NOTE: The network manager(s) must be notified that there is a problem. This can be done by
telephone, pager, or other means. Notification can be done automatically by pager if the
system has a system management application installed such as the Cabletron Systems
SPECTRUM or the SPECTRUM Element Manager (SPEL). Refer to the appropriate
application documentation for an explanation of this feature.
Problem Verification and Information Gathering
As the network manager or technician called to the site, proceed as follows to evaluate the situation and
determine the scope of the problem.
1. If you have a network management software application (such as SPECTRUM, SPECTRUM Element
Manager for Windows or Lanalyzer), use it to check for any indications of a problem and the extent of
impact on the network. Get a trace of the network traffic if possible and port statistics.
Was the problem narrowed down to one of the categories in Chapters 3 through 9?
If YES, refer to the appropriate chapter for instructions on how to remedy the most common problems
in that category. If NO, go to step 2.
2. See if the network has one main hub or other area where you can perform a visual inspection of the
equipment and check the power indications, LEDs, and switch settings. Refer to the associated
manuals for details about the LEDs and switch settings.
Was the problem narrowed down to one of the categories in Chapters 3 through 9?
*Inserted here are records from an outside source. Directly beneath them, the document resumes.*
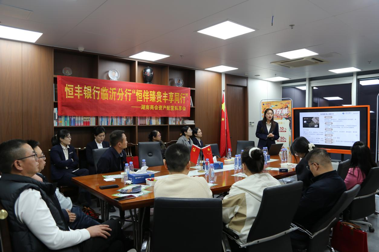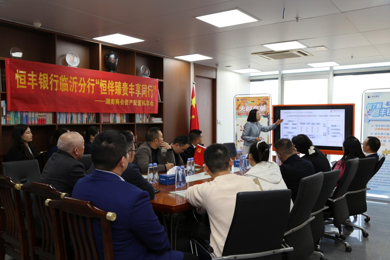 为进一步做强做实客群建设,全力打好全行“客群增长”攻坚战,积极构建“金融+商会+企业”长效对接机制,近日,恒丰银行临沂分行成功举办以“恒伴臻贵·丰享同行”为主题的临沂市湖南商会圈层营销资产配置私享会,精准聚焦在临沂经商的湖南籍企业家群体,通过专业的金融服务方案,满足其多元化财富管理需求,深化银企合作,为临沂当地民营经济高质量发展注入新动能。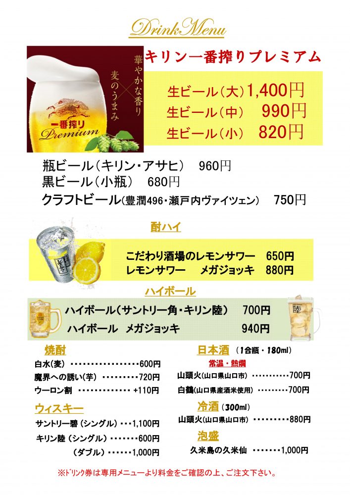 ドリンクメニュー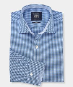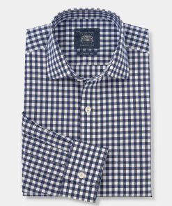 Savile Row Men’s Navy Cotton Gingham Check Classic Fit Formal Shirt – Single Cuff | Navy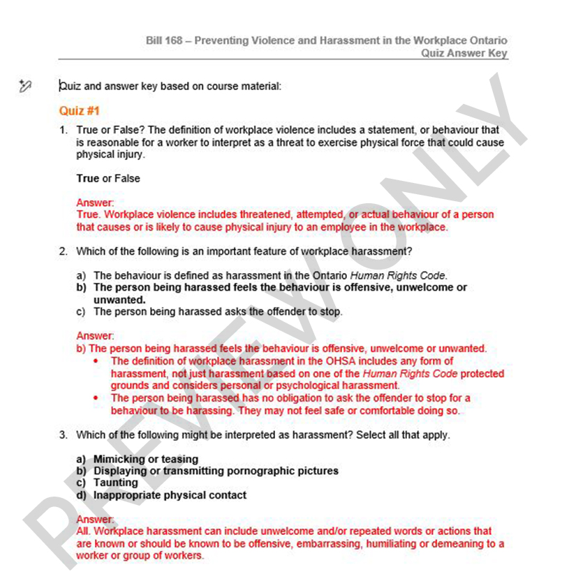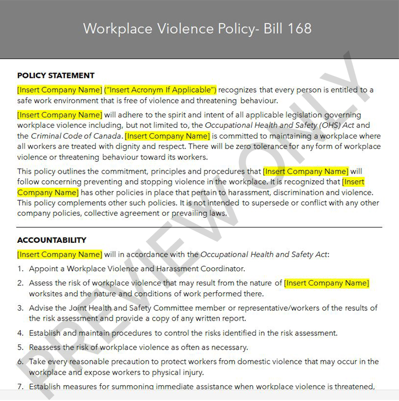 - Aligns with Ontario’s Bill 168 requirements

If YES, refer to the appropriate chapter for instructions on how to remedy the most common problems
in that category. If NO, go to step 3.
3. Check the server(s) to see what is happening and if the server(s) is operating properly.
Was the problem narrowed down to one of the categories in Chapters 3 through 9?
If YES, refer to the appropriate chapter for instructions on how to remedy the most common problems
in that category. If NO, go to step 4.
4. Check to see if the network has been changed recently in any way by adding, removing, upgrading or
reconfiguring any of its elements?
Was the problem narrowed down to one of the categories in Chapters 3 through 9?
If YES, refer to the appropriate chapter for instructions on how to remedy the most common problems
in that category. If NO, go to step 5.
5. Look at the release notes to see if there are any incompatibilities or known issues. Check the revisions to
get a clue of what could be happening between devices. Was the problem narrowed down to one of the
categories in Chapters 3 through 9?
If YES, refer to the appropriate chapter for instructions on how to remedy the most common problems
in that category.
Develop Theories
Use the following guidelines to help determine the location and identity of the problem.
1. Develop plans to test the problem areas of the network by systematically eliminating those areas that are
trouble free from those that are not. Use one or more of the following troubleshooting methods:
a. Isolate the problem to one part of the network.
b. Go to the specific modules. Refer to the associated manuals for operating and troubleshooting
information.
2. Remember the basics.
a. Check the power and cable connections. Be aware of building electrical problems, for noise, grounds,
spikes, brownouts, and outages.
b. Also, check any uninterruptible power supplies (UPS) connected to the devices. The UPS can fail too.
Is there any construction going on? Things could be happening to fragile data links.
c. Make sure the network is whithin specifications.
3. Narrow down the problems by considering only the information relevant to the problem, but don¡¯t
completely discount the possibility of a remote problem affecting the network.
Test the Theories
To test the theories and make sure the problem has been corrected, proceed as follows:
1. Identify the course of action, specific steps, and then perform each step.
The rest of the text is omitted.